When PING released the G15 iron in 2009, it was touted as a game-improvement model for amateurs that were looking for additional forgiveness and offset in a slightly larger profile.

Apparently K.J. Choi never got the memo, because he showed up to Augusta National with a set in his bag. While a majority of pros use irons that have a small profile, very little offset and a thin sole, Choi has consistently gone against the grain and used irons that have a thicker sole and offer additional forgiveness and yards in a beefier package.

Choi used the same set of G15 irons during the 2011 season -- the same year he won THE PLAYERS -- and went back to due to the comfort level and success he had with the sticks in the past.

Stricker goes back to old shafts: Steve Stricker switched to Titleist's 714 AP2 irons last week at the Shell Houston Open. He also added a new set of True Temper Project X 6.5 shafts, noting that he liked the kick the shafts provided.

One week later at the Masters, Stricker made an adjustment to the irons and returned to his KBS C-Taper (S+ flex) shafts.

"[I] didn't really feel all that comfortable with them," Stricker said, "so kind of went with some — I had to go back and redo the shafts and get my old set of shafts back in there."

Stricker finished T-31, hitting 51.39 percent of his greens in regulation.

Scott adds Vokey SM5 wedges: Adam Scott continued his recent trend of putting new equipment in play the week of the Masters.

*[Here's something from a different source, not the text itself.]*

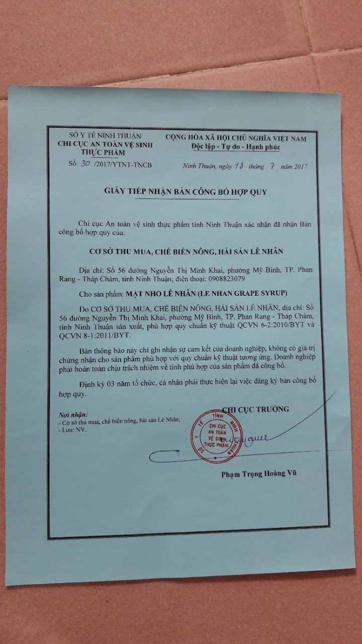Nếu bạn đã từng lang thang đến những vườn nho ở Ninh Thuận bạn sẽ không thể nào quên cái cảm giác thích thú khi nhìn những chùm nho chín mọng lủng lẳng trên đầu. Nho với quê hương tôi như một thứ đặc sản dùng để khoe mẻ hay làm quà tặng cho bạn bè, người thân mà chúng tôi yêu mến. Mật Nho Lê Nhân là thứ mà những người bạn tôi thích thú nhất.
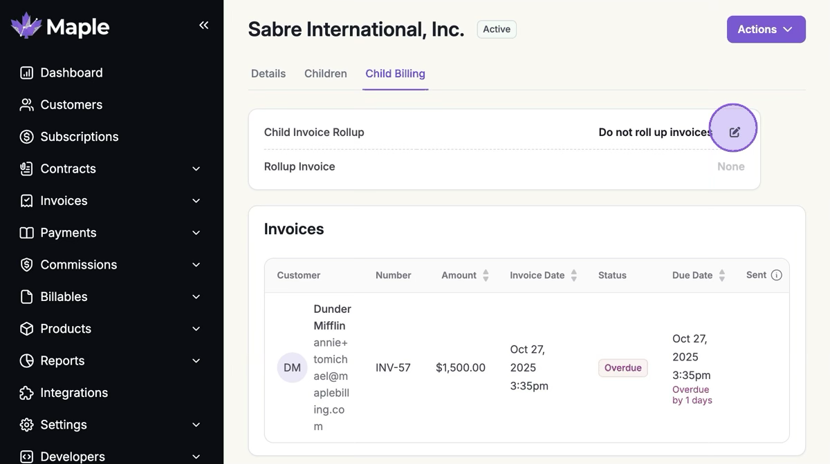3. Click the Edit Icon Next to "Child Invoice Rollup"

During last year's dramatic win, Scott added Titleist's 913D3 driver. This year it was two Titleist Vokey SM5 wedges — a 48-degree F Grind with 8 degrees of bounce, and a 54-degree with 10 degrees of bounce. Instead of upgrading the lob wedge as well, Scott opted to stick with his trusty 60-degree Vokey TVD K Grind.

Louis Oosthuizen tinkers with putter loft: Tinkering with wedge bounce for Augusta National's firm turf is a fairly common equipment tweak. One that's less common is adjusting putter loft — something Louis Oosthuizen did to his PING Ketsch flatstick.

It's no secret that the greens at Augusta are lightning fast, so players want the ball to roll true off the putter face. The South African noticed the ball was bouncing a bit on long putts, so he reduced the loft on his putter to 2 degrees due to the speed of the greens.

By decreasing the loft on his putter, Oosthuizen was able to get the ball rolling sooner and reduce the chances of it skidding along the way.

Milled putter for Justin Rose: Justin Rose used a custom TaylorMade White Smoke DA-62 putter that was delivered to the 2013 U.S. Open winner the week of the Arnold Palmer Invitational.

Rose had been using an all-black Spider Blade with a True Roll insert but said the milled face gave him more feedback on mishits.

Divots: Graeme McDowell was spotted using a Callaway FT Optiforce driver. The former U.S. Open winner was a Callaway Golf staffer until 2010, when departed to join Cleveland/Srixon Golf. ... Par-3 Contest winner Ryan Moore switched to a 35-inch Odyssey Metal-X Milled putter (loft 2.5 degrees; lie angle: 70 degrees) after testing it in the run-up to the tournament.